Qwen Image Edit Max 2601 is a high-performance image editing foundation model developed by Alibaba's Qwen team. Released as part of the January 2026 model suite, it represents the proprietary "Max" tier of the Qwen-Image ecosystem, optimized for high-fidelity transformations and complex instruction following via API. The model is built on a multi-modal diffusion transformer (MMDiT) architecture and employs a dual-path input system that independently processes visual semantics and appearance to ensure precise control over edited regions.
Key capabilities of the model include both semantic editing, such as subject rotation and style transfer, and appearance editing, which allows for the addition or removal of specific objects while keeping the surrounding pixels unchanged. It is particularly noted for its advanced bilingual text editing functionality, enabling users to modify, add, or delete text in both Chinese and English while preserving the original font, size, and stylistic attributes of the image.
Technical Features
- Dual-Path Control: Feeds input images through a vision-language encoder (likely based on the Qwen-VL series) for semantic understanding and a VAE encoder for low-level visual appearance, fusing them within the diffusion core.

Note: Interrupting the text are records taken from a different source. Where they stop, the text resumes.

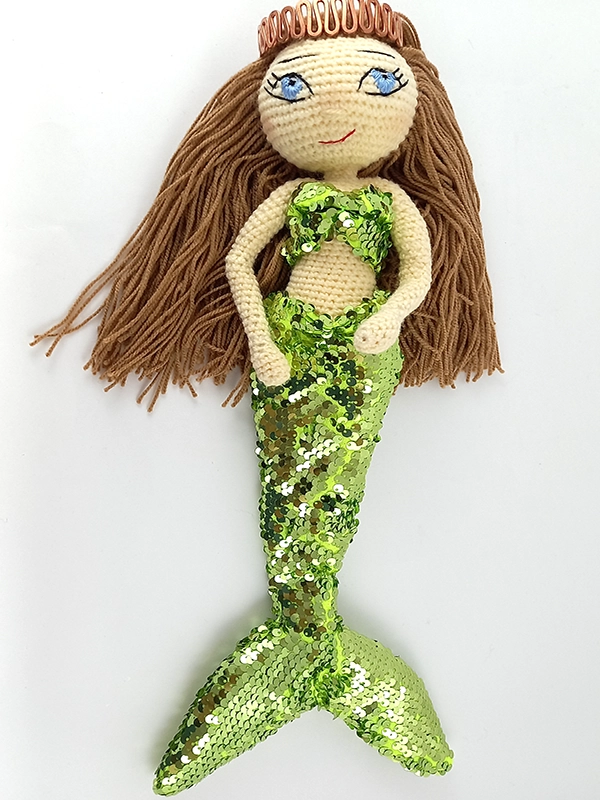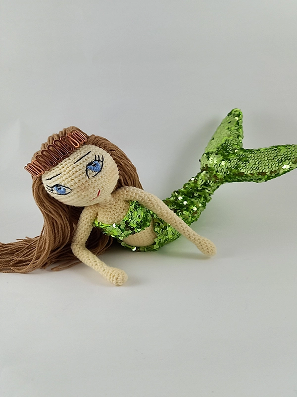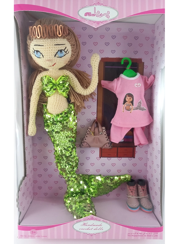 پک عروسک پری دریایی شامل :عروسک ،باله و نیم تنه پولکی پری دریایی،
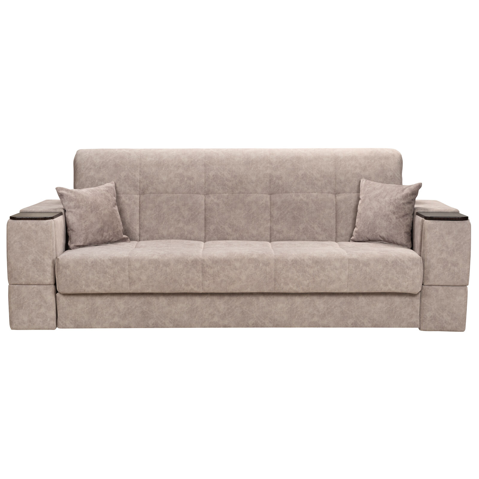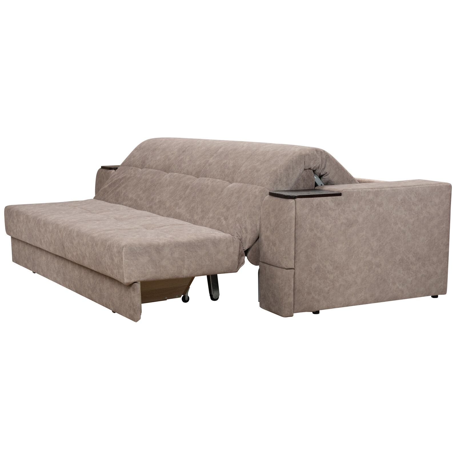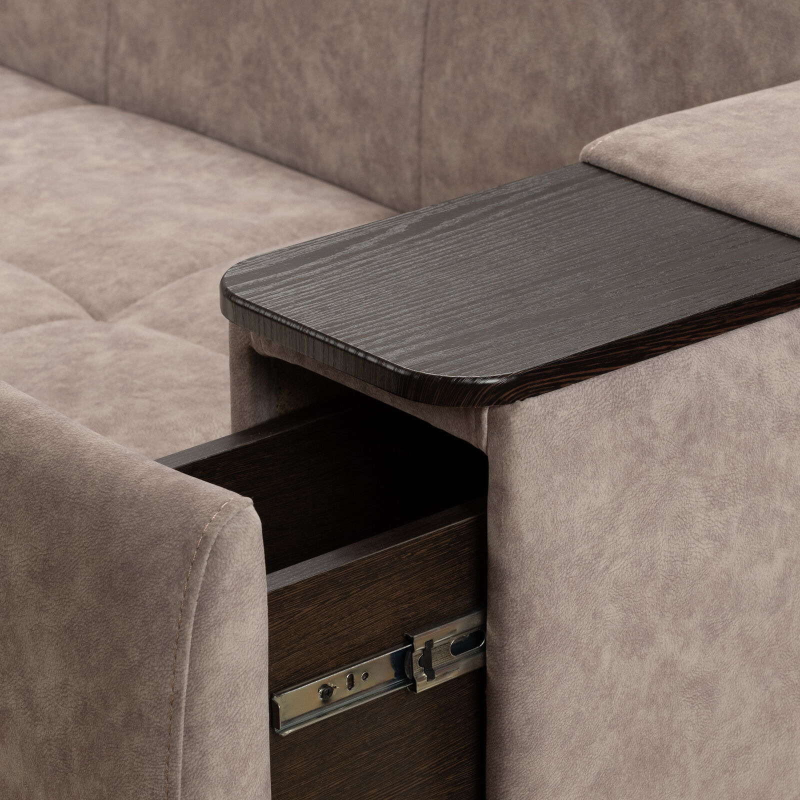 Диван «Токио 4 №190 ППУ Nappa 03 Сонома» оснащен выдвижным столиком из подлокотника, что позволяет комфортно отдохнуть после рабочего дня. Другой подлокотник оборудован выдвижными ящиками для хранения различных вещей. Такая мебель значительно экономит пространство в помещении и несомненно делает отдых на диване комфортнее, ведь буквально под рукой есть стол, на который можно поставить бокал, положить книгу или журнал. «Мебель поставляется в разобранном виде».
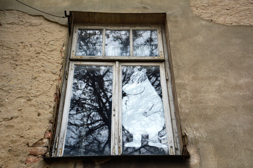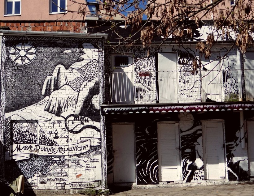 Помните персонажей книг финской писательницы Туве Янссон? Добрых Муми-Троллей и «чудовищно омерзительную» Морру? Если заглянуть в один из Люблинских двориков, то можно подумать, что они живут именно в нём. На стенах и окнах зданий обосновались жители долины. А одну из стен украшает карта сказочной страны Муми-Троллей. Увидев карту, я сразу же вспомнила слова из любимой всеми нами сказки: «Далеко внизу, в долине, они видели узкие ленты рек и темные пятна лесов».
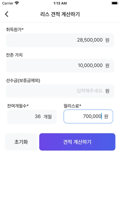 리스 금리를 계산하는 앱입니다.
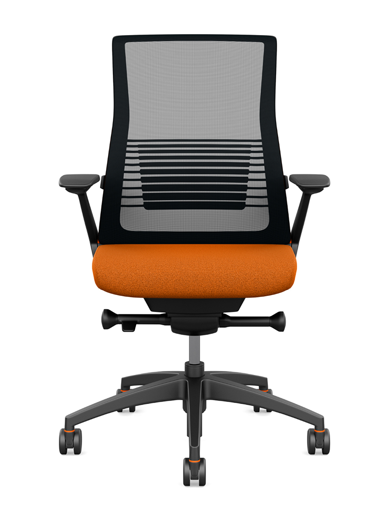 Enable exclusive lumbar tension and support using the quick-adjust slide knobs. Experience invigorating ergonomics from the advanced synchro mechanism and cantilever arms. Achieve your ideal seating position with the standard adjustable seat depth feature.
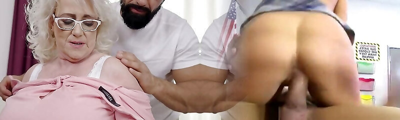 The mature and chesty mummy was treated to a threesome, with two anxious colleagues packing her up and making her guzzle - an amazingly crazy and dis
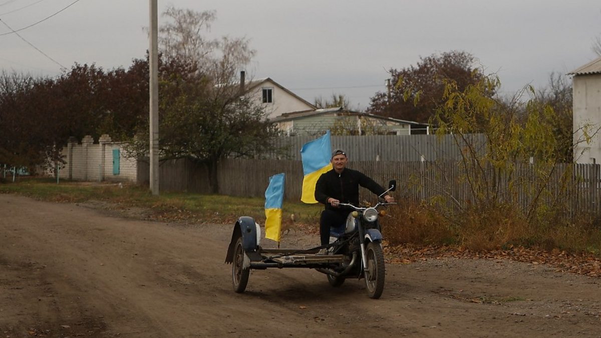 (Photo: Teacher Yurii Nevolchuk rides a motorcycle with national flags in the village of Blahodatne, retaken by the Ukrainian Armed Forces a day ago, amid Russia's attack on Ukraine, in Kherson region, Ukraine November 11, 2022. Credit: Valentyn Ogirenko/Reuters)
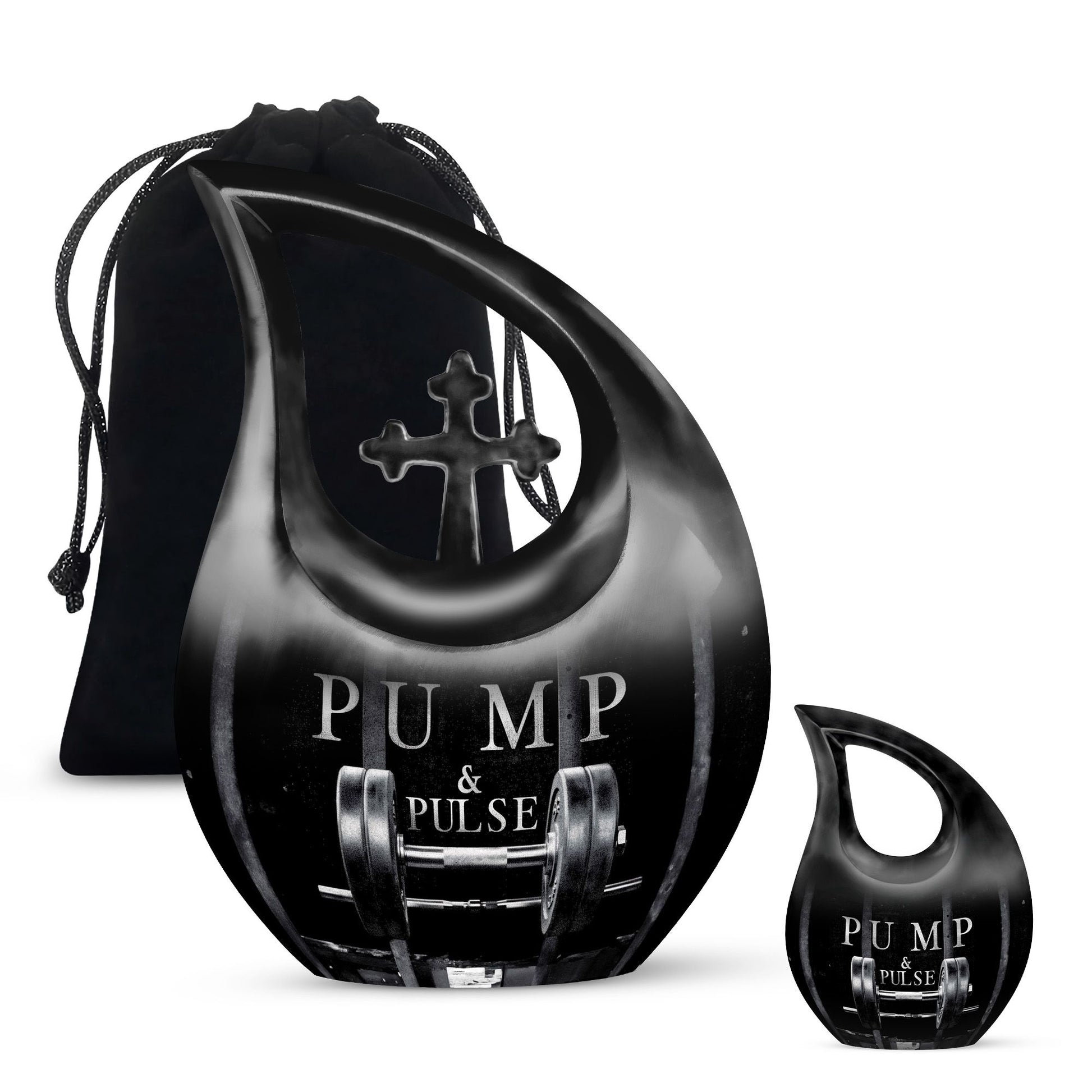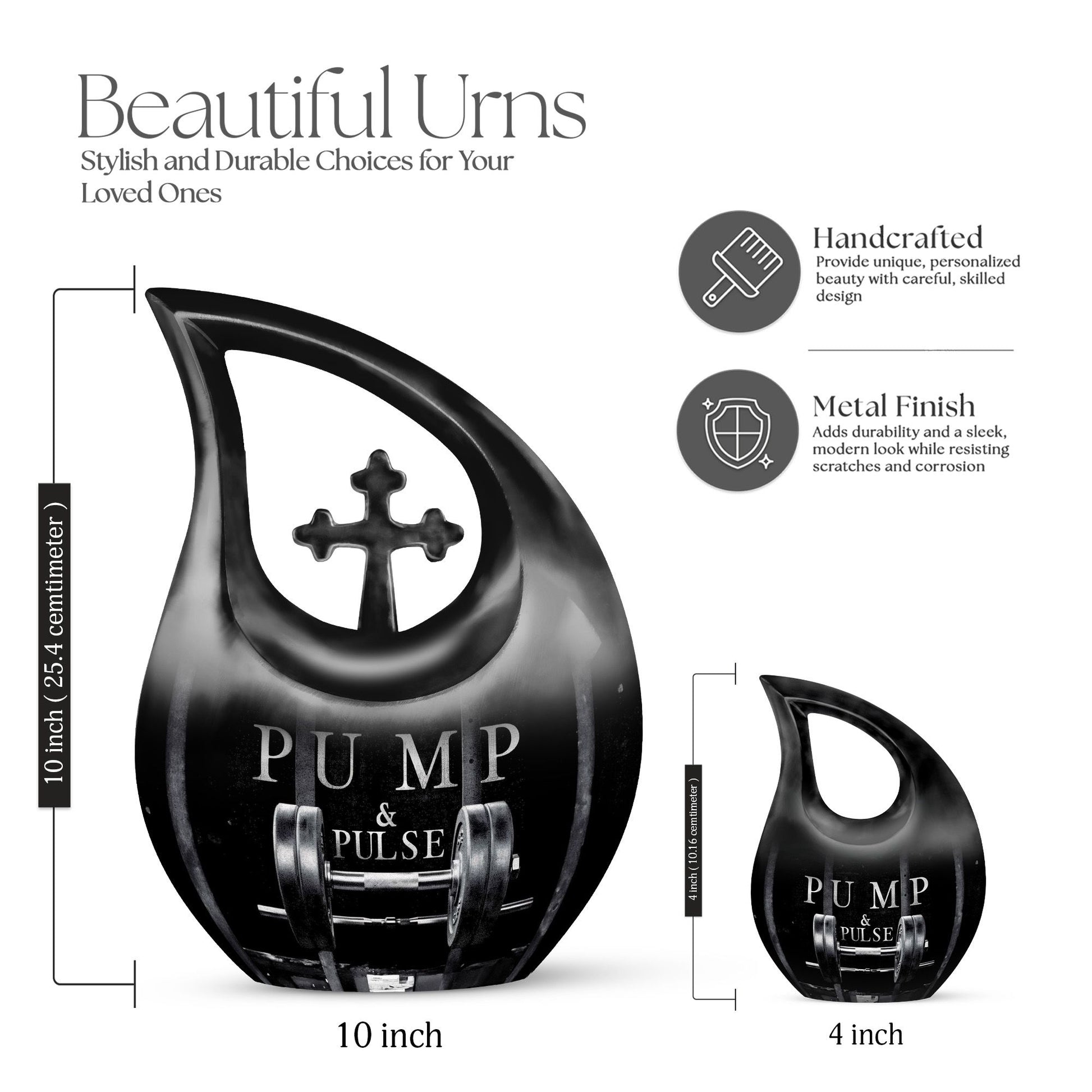 Experience the grace and meaningful remembrance of the eternal resting place for your loved ones with this exquisite 'Dumbles Urn'. This 10 inch 'Dumbles' themed urn is crafted from sturdy aluminium, providing utmost dignity to the ashes kept within. Weighing only 3.3 pounds, our 'Cross Drop' urn design silently and poignantly conveys your devotion. Each urn comes with a 200 cubic inch capacity and is accompanied by a velvet pouch, ensuring respectful containment of the ashes. Personalize the urn with engraved names, making it even more special and distinctive. This grand urn is perfect as a standalone piece or complemented with 'Companion urns' and 'Butterfly Urns For Ashes'. It also serves as a cherished cremation keepsake, anchoring to the memories of your loved ones while being an affordable alternative for cremation and burial solutions. 'Cremation Keepsakes' and 'Affordable Cremation And Burial Urn' are also valuable search terms that connect our valued customers to this product.
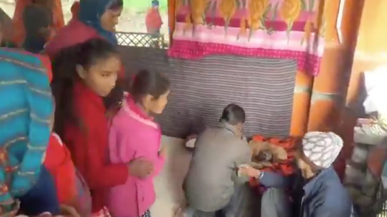 In the viral footage, it can be seen that a blanket is spread in a corner of the temple complex, on which the dog is sitting comfortably. Milk is kept in a vessel nearby. There is a person sitting near the dog, who pretends to be a Mahant and prevents the people coming for darshan from touching the dog. Women, children and villagers are seen standing in queues, bowing their heads in front of the dog and touching its feet.
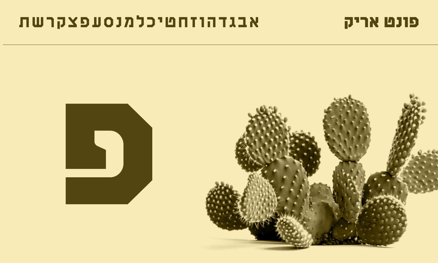 הפונט הראשון שעיצבתי, מיד עם תחילת המלחמה, היה ״אריק״ – מעין הנצחה של זהות מקומית כפי שאני רואה אותה: תכליתי כלפי חוץ אך רך מבפנים. דוגמה מובהקת לכך היא באות ״פ״, שמבחוץ בנויה מזוויות ישרות קטומות ומבפנים עם רדיוסים. התוצר שמתקבל הוא מין היבריד מוזר שאהבתי – משהו מעט משובש, חוויה כמעט ידנית. כמעצב תמיד נמשכתי לעברית בצורתה הפשוטה והגיאומטרית עם מעט טוויסט, ו״אריק״ ביטא זאת היטב.
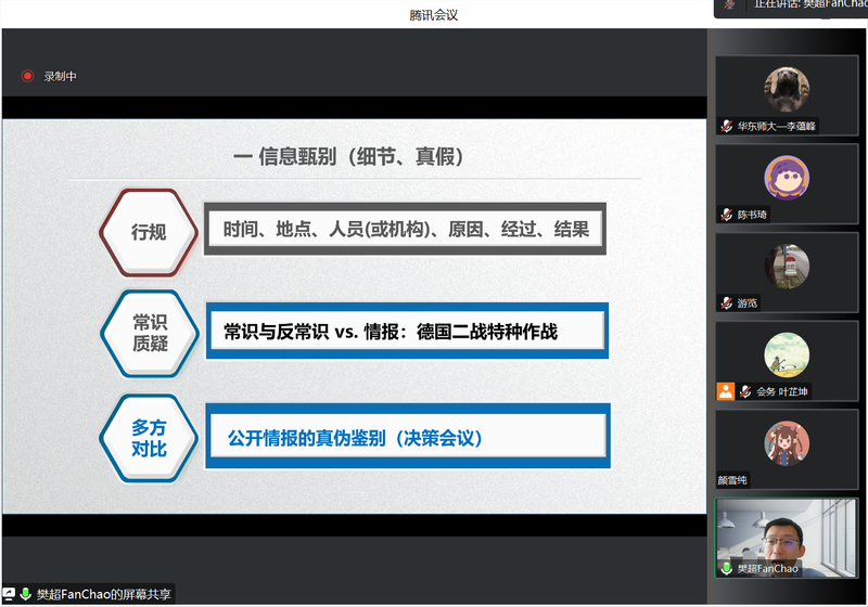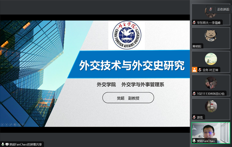 2023年8月11日至12日,华东师范大学“史海新舟”跨学科讲堂第五季邀请到外交学院外交学与外事管理系副教授樊超老师,进行“外交技术与外交史研究”专题课程的讲授。华东师范大学历史学系副教授、“思勉班”导师游览老师主持此次学术活动。本系列课程受到广泛关注,活动通过腾讯会议直播进行,来自华东师范大学、武汉大学等高校的师生参与本次活动。

- Multi-Image Support: The model can handle multiple reference images, allowing for tasks such as character consistency preservation across different scenes or combining elements from separate photos into a single composition.
- Bilingual Proficiency: Optimized for high-fidelity text rendering in both Western and East Asian scripts, making it effective for localized advertising and poster design.
For optimal results, users can provide short, direct instructions like "change the car color to blue" or "replace the text with 'Grand Opening' while keeping the font." The model is designed to handle multi-step instructions and can be integrated into complex workflows involving LoRAs for specific camera movements or lighting restorations.